> **Work to complete**: From the material below, retype exactly the lines that begin at the line with "⑦「科学工作クラブ」今回は火起こしをしていました。火はついたのかな?" and end after the line with "1. tomar un"; pictures stay out of the copy.

> **Input records**:
BEGIN
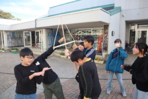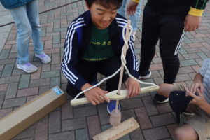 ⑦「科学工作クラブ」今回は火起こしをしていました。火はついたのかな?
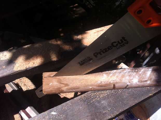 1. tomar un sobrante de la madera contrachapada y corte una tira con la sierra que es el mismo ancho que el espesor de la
END
BEGIN
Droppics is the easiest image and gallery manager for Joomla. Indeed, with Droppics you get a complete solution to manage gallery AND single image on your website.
END
> **Solution below**:
 ⑦「科学工作クラブ」今回は火起こしをしていました。火はついたのかな?
 1. tomar un sobrante de la madera contrachapada y corte una tira con la sierra que es el mismo ancho que el espesor de la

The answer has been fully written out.